→ Work to complete:
Every line below from the one containing "An elegant wooden" through the one containing "Cecilia’s artworks are" is to be printed exactly, with the pictures omitted.

(Source records)
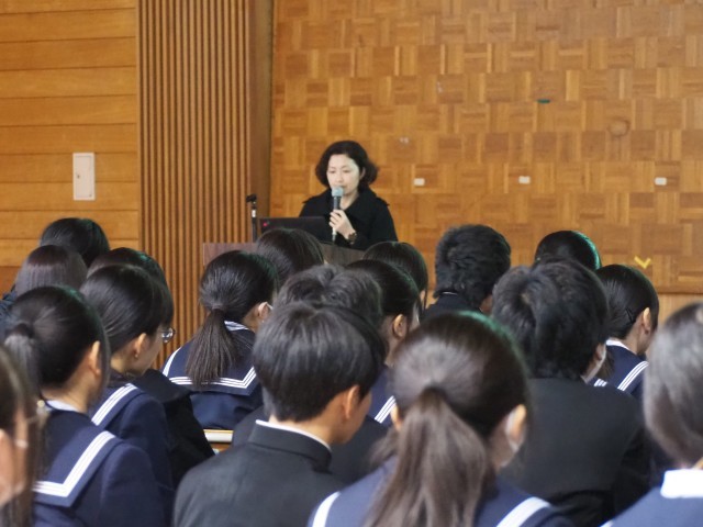 本校でも、産婦人科医の先生のお話やスライドを通して、思春期の心や体の変化、性に関わるトラブル、多様な性等について学ぶ機会となりました。代表の生徒は、「これからも正しい情報を自分で判断しながら、自分の心と体、そして周りの人を大切にしたい」とお礼の挨拶としていました。
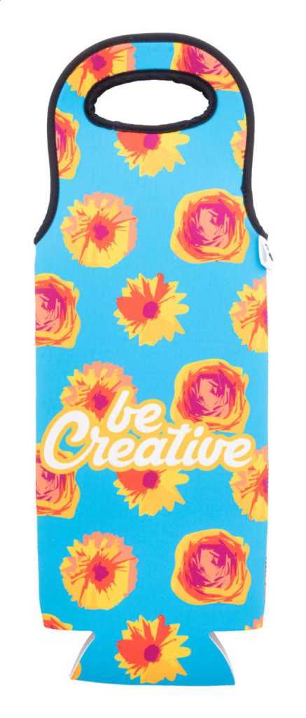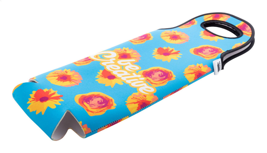 Egyedi gyártású, RPET neoprén boros ajándéktáska hordfüllel. Teljes felületén szublimációs nyomtatással ellátva. Minimális rendelési mennyiség: 25 db.
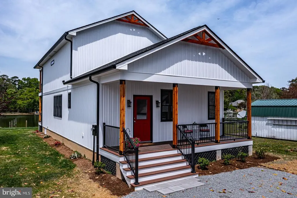 A truly unique opportunity to own a fantastic new home on Main Street in the heart of Reedville. The attributes of this newly built house blend gracefully with the historical style homes on the street. Outside features include board and batten siding, black framed windows, composite decking and beautiful cedar columns and custom built cedar pediments in the roof gables. There are two 8' x 24' covered porches (upper and lower) along the entire width of the home giving remarkable water views. A 12 x 16 shed will provide all the storage you need. The property includes a newly constructed bulkhead and an 80’ dock just waiting for your boat. In the interior, the open concept first floor great room looks over the water and opens to the lower level porch. There are two master bedroom suites, each beautifully tiled with a double vanity and walk-in closets. One MBR is on the first floor, and the other on the second floor. The one on the second floor spans the entire width of the house with doors opening onto the huge upper level huge porch overlooking Cockrell Creek. All three bedrooms have a full bath, so no sharing of bathrooms. Other interior features include 9' ceilings, upscale LVP maintenance free flooring, kitchen bar, quartz countertops, and under cabinet lighting. Due to the lot being grandfathered, the home was built just 50' away from the water. The views are breathtaking.
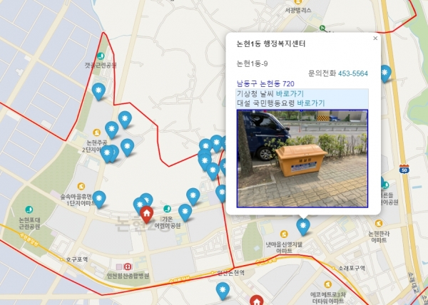 남동구청 홈페이지 메인화면의 ‘스마트위치정보지도’를 통해 확인할 수 있다.
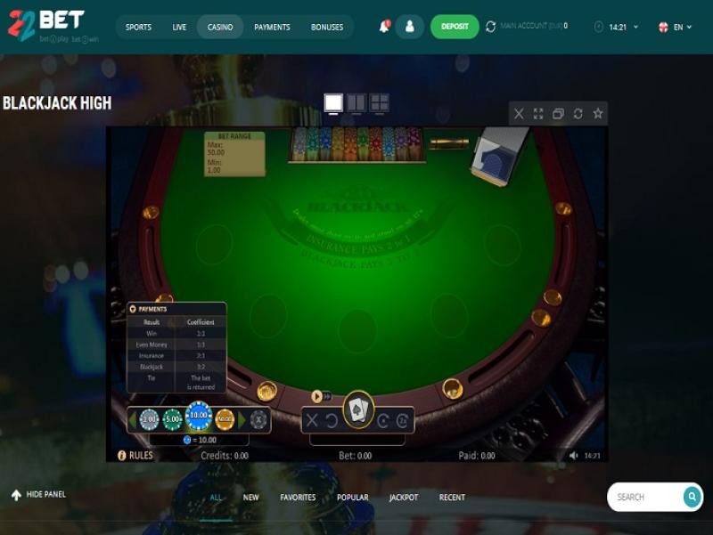 22Bet Casino Blackjack (Playtech)Expandir
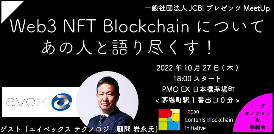 コンテンツ関連企業50社が加入する一般社団法人ジャパン・コンテンツ・ブロックチェーン・イニシアティブ(一般社団法人Japan Contents Blockchain Initiative・略称、一般社団法人JCBI)は、「Web3 NFT Blockchain」をテーマとしたミートアップイベントの定期開催を開始しますのでお知らせします。
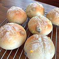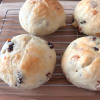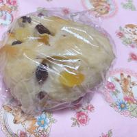 ドライフルーツを白ワインに漬けて焼きました。表面カリッと、中シットリモチモチで甘酸っぱく美味しかったです😺熱々をマーガリン乗せて食べるとまた最高でした(^^)。
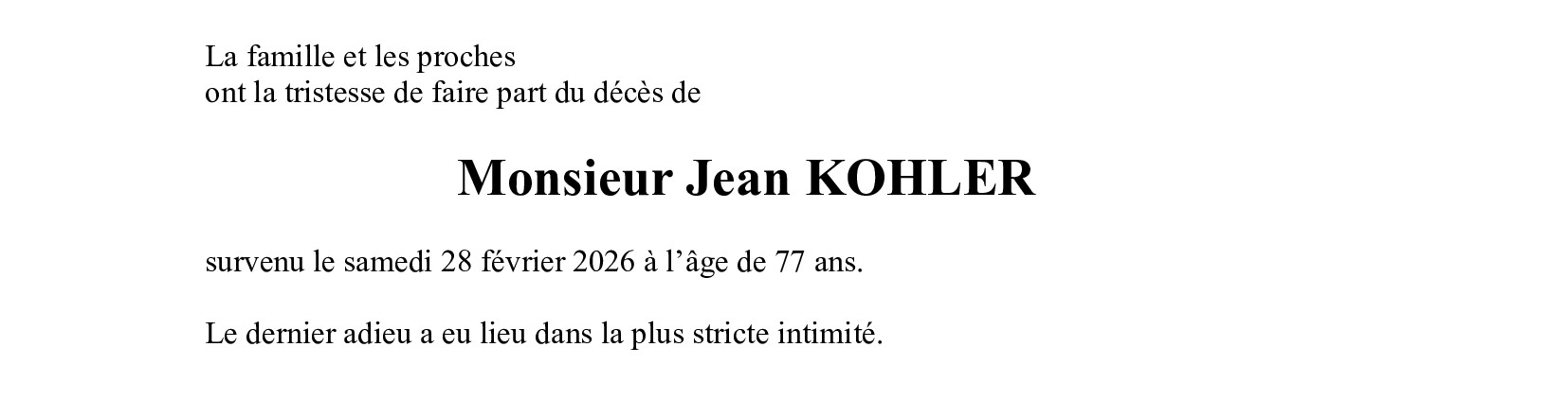 Monsieur Jean KOHLER
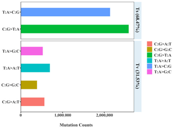 Spectrum analysis of SNP mutation. Ts: The number of transitions, the substitution between purines and purines, or between pyrimidines and pyrimidines; Tv: The number of transversions, the substitution between purines and pyrimidines.
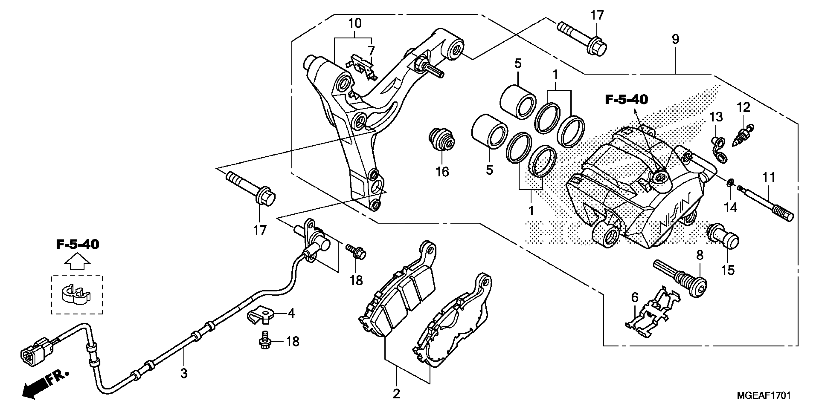 Honda VFR1200FDAC (14) MOTORCYCLE, JPN, VIN# JH2SC635-EK400001 REAR BRAKE CALIPER (2) Diagram
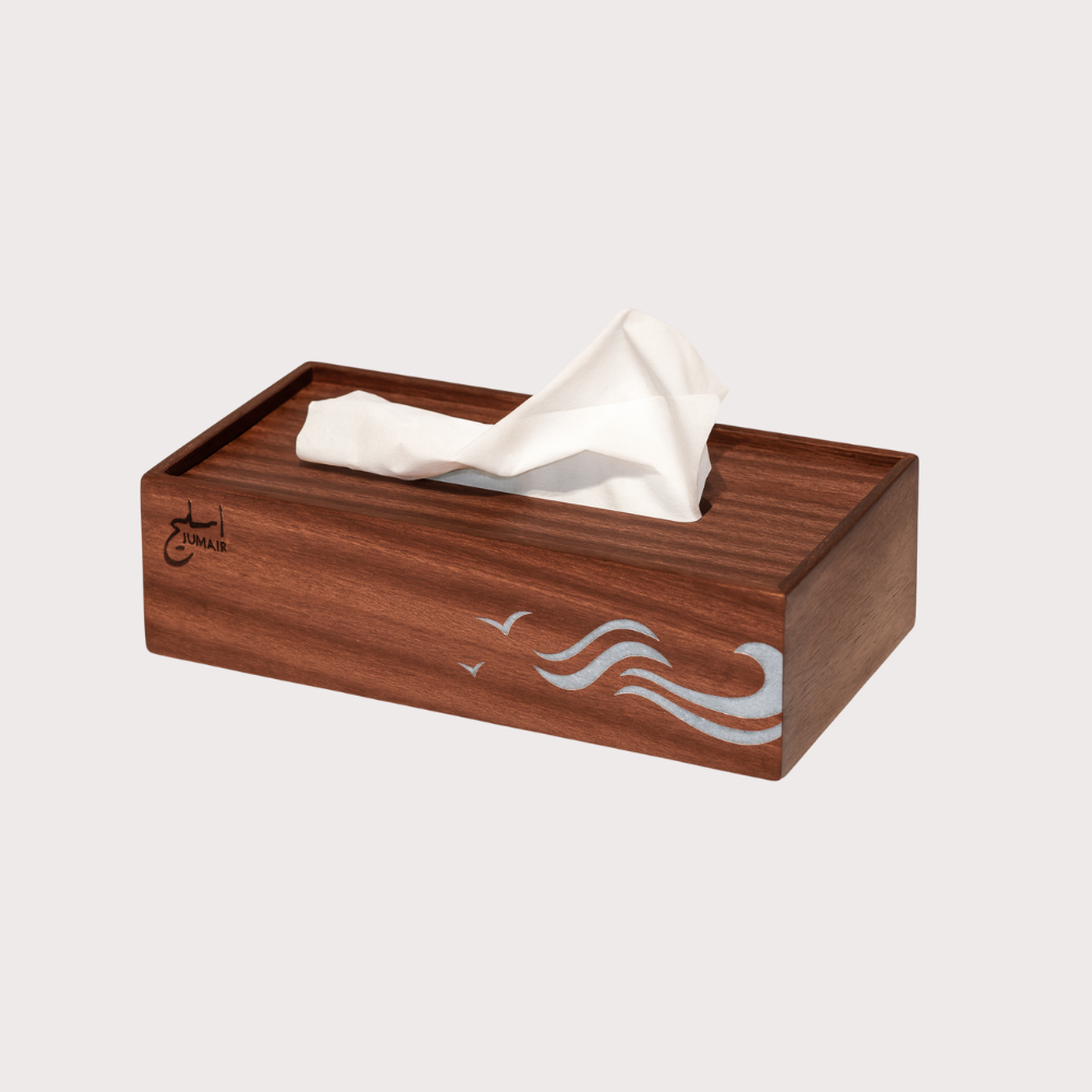 An elegant wooden tissue holder adorned with natural mother-of-pearl inlay, inspired by the traditional Umluj window and featuring details of the sea and birds. Carefully crafted to bring a touch of authenticity and refined taste to your home or office, combining functionality and artistic beauty in a single piece.
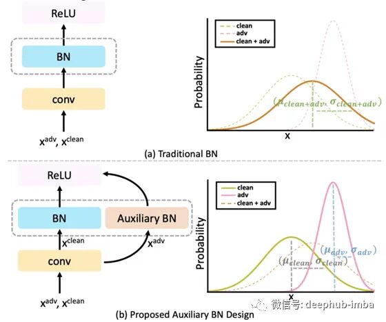 AdvProp:在训练中包含对抗性示例已被证明可以提高模型性能并导致更符合人类解释的特征 [4]。这项工作探索了干净和对抗性图像的联合训练模型。以前的工作探索了对抗样本的预训练模型,然后对干净的图像进行微调。虽然这提高了分类性能,但模型变得容易受到“灾难性遗忘”的影响,其中模型忘记了它在预训练阶段(在域转移的情况下)学习的特征。为了解决这个问题,提出了辅助批量归一化(BN)层来专门对对抗样本进行归一化。另一方面,正常的 BN 层用于标准化干净的图像。这允许归一化层根据干净样本和对抗样本的不同分布而表现不同。在推理过程中,辅助 BN 层被删除,而正常的 BN 层用于预测。这种训练机制与作为主干架构的 EfficientNet 一起在 ImageNet 分类精度上实现了前 1 名的 SOTA 性能。此外,AdvProp 在更难的 ImageNet 版本上实现了 SOTA 性能:ImageNet-a、ImageNet-c 和 Stylized ImageNet。此外,在训练中包括对抗样本也实现了目标检测的 SOTA [5]。
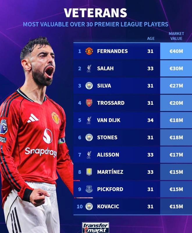 北京时间12月14日,在更新了英超球员的身价之后,德转还列出了英超30岁以上球员的身价榜,布鲁诺-费尔南德斯以4000万欧元的身价排名第一,萨拉赫3000万欧元排名第二,伯纳多-席尔瓦2700万欧元排名第三。
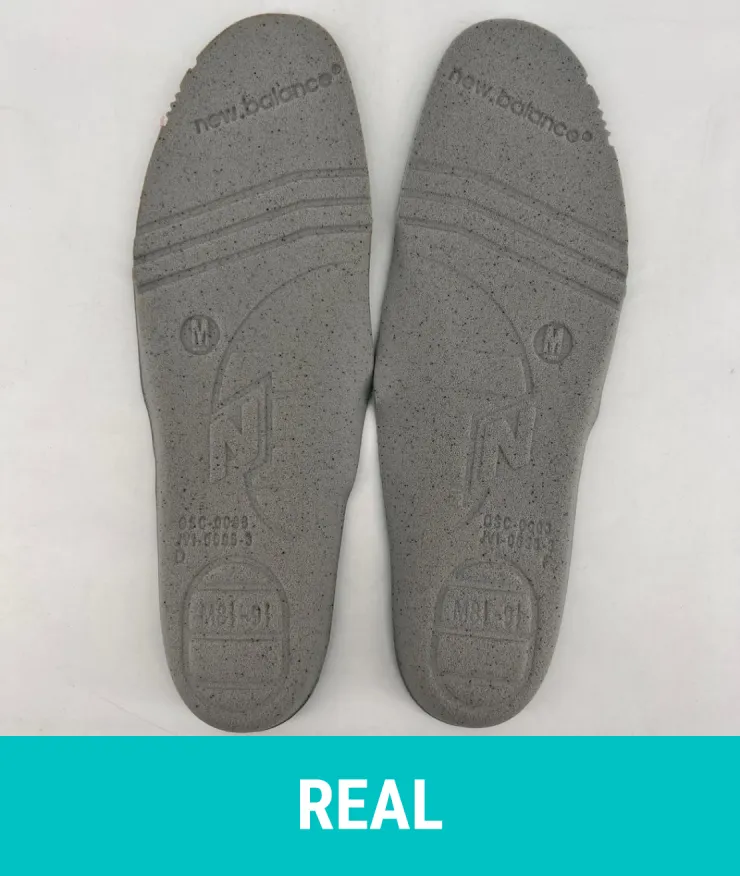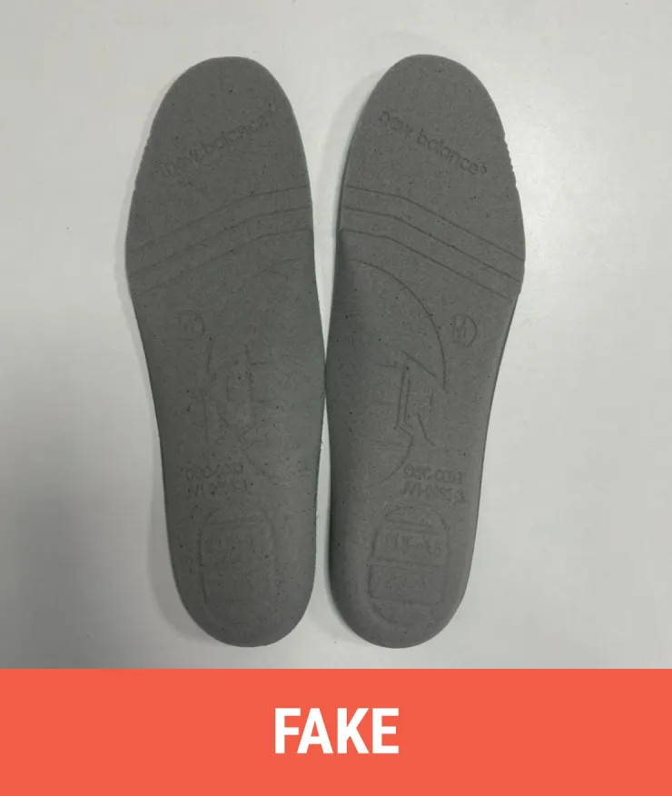 Fake: The N logo in the middle is lower on the left and higher on the right for the left foot, but higher on the left and lower on the right for the right foot.
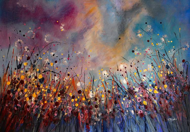 Cecilia’s artworks are lively and buoyant with explosions of colours and freedom which mirror the intensity of her own view of the natural sceneries. She is a real creator and inventor always seeking new forms of art and techniques to express her inner self. Her paintings generate from memories and visions that flow onto her canvas instantly leaving enough freedom for the viewer for their own interpretation. She specialises in large contemporary atmospheric landscapes and super-sized floral compositions using her unique abstract techniques as well as more organic and intimate abstractions. Her large scale paintings combined with her unique free-flowing abstract techniques have brought her great recognition and her works have been selling all over the globe to private collectors and for interior design projects. Born and raised in Italy but upon receiving her degree in Painting from the Bologna’s illustrious Accademia Di Belle Arti Cecilia moved to London,UK and over the years she established herself as a full-time independent artist. Currently lives and works in rural Hungary where she solely focuses on her art practice. She is a very approachable character and enjoys engaging and working closely with her clients let them be private home owners or interior design specialists.
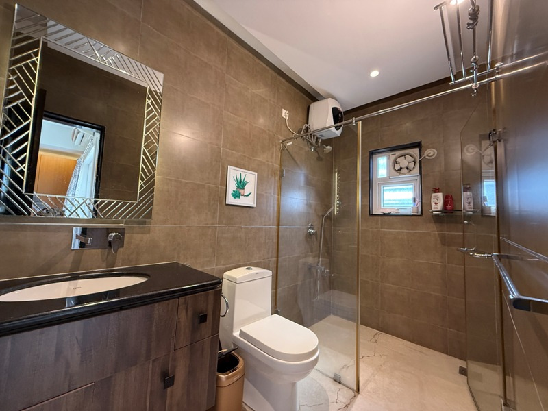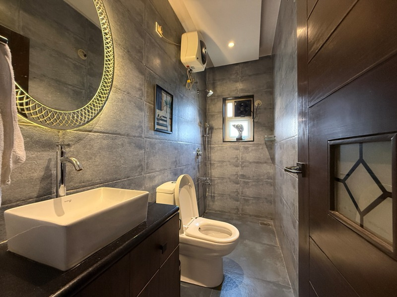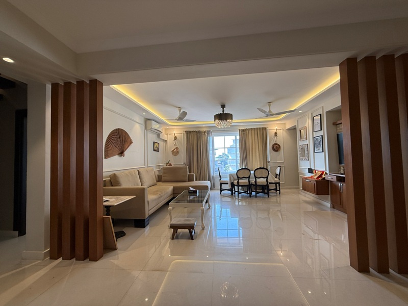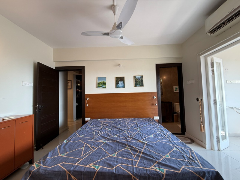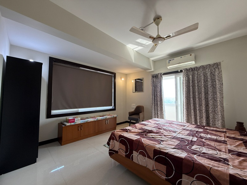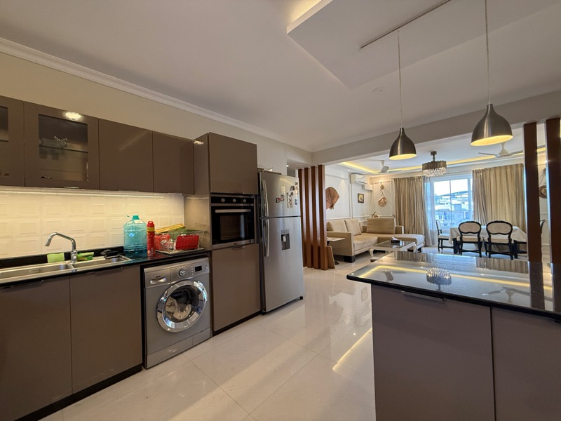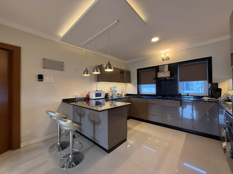 Luxury furnished with Split A/c, Sofa set, dining table with 6 chairs, Double beds with mattresses, wardrobes, modular kitchen, chimney, Microwave, refrigerator, washing machine, geyser etc.

→ Output of the task:
 An elegant wooden tissue holder adorned with natural mother-of-pearl inlay, inspired by the traditional Umluj window and featuring details of the sea and birds. Carefully crafted to bring a touch of authenticity and refined taste to your home or office, combining functionality and artistic beauty in a single piece.
 AdvProp:在训练中包含对抗性示例已被证明可以提高模型性能并导致更符合人类解释的特征 [4]。这项工作探索了干净和对抗性图像的联合训练模型。以前的工作探索了对抗样本的预训练模型,然后对干净的图像进行微调。虽然这提高了分类性能,但模型变得容易受到“灾难性遗忘”的影响,其中模型忘记了它在预训练阶段(在域转移的情况下)学习的特征。为了解决这个问题,提出了辅助批量归一化(BN)层来专门对对抗样本进行归一化。另一方面,正常的 BN 层用于标准化干净的图像。这允许归一化层根据干净样本和对抗样本的不同分布而表现不同。在推理过程中,辅助 BN 层被删除,而正常的 BN 层用于预测。这种训练机制与作为主干架构的 EfficientNet 一起在 ImageNet 分类精度上实现了前 1 名的 SOTA 性能。此外,AdvProp 在更难的 ImageNet 版本上实现了 SOTA 性能:ImageNet-a、ImageNet-c 和 Stylized ImageNet。此外,在训练中包括对抗样本也实现了目标检测的 SOTA [5]。
 北京时间12月14日,在更新了英超球员的身价之后,德转还列出了英超30岁以上球员的身价榜,布鲁诺-费尔南德斯以4000万欧元的身价排名第一,萨拉赫3000万欧元排名第二,伯纳多-席尔瓦2700万欧元排名第三。
 Fake: The N logo in the middle is lower on the left and higher on the right for the left foot, but higher on the left and lower on the right for the right foot.
 Cecilia’s artworks are lively and buoyant with explosions of colours and freedom which mirror the intensity of her own view of the natural sceneries. She is a real creator and inventor always seeking new forms of art and techniques to express her inner self. Her paintings generate from memories and visions that flow onto her canvas instantly leaving enough freedom for the viewer for their own interpretation. She specialises in large contemporary atmospheric landscapes and super-sized floral compositions using her unique abstract techniques as well as more organic and intimate abstractions. Her large scale paintings combined with her unique free-flowing abstract techniques have brought her great recognition and her works have been selling all over the globe to private collectors and for interior design projects. Born and raised in Italy but upon receiving her degree in Painting from the Bologna’s illustrious Accademia Di Belle Arti Cecilia moved to London,UK and over the years she established herself as a full-time independent artist. Currently lives and works in rural Hungary where she solely focuses on her art practice. She is a very approachable character and enjoys engaging and working closely with her clients let them be private home owners or interior design specialists.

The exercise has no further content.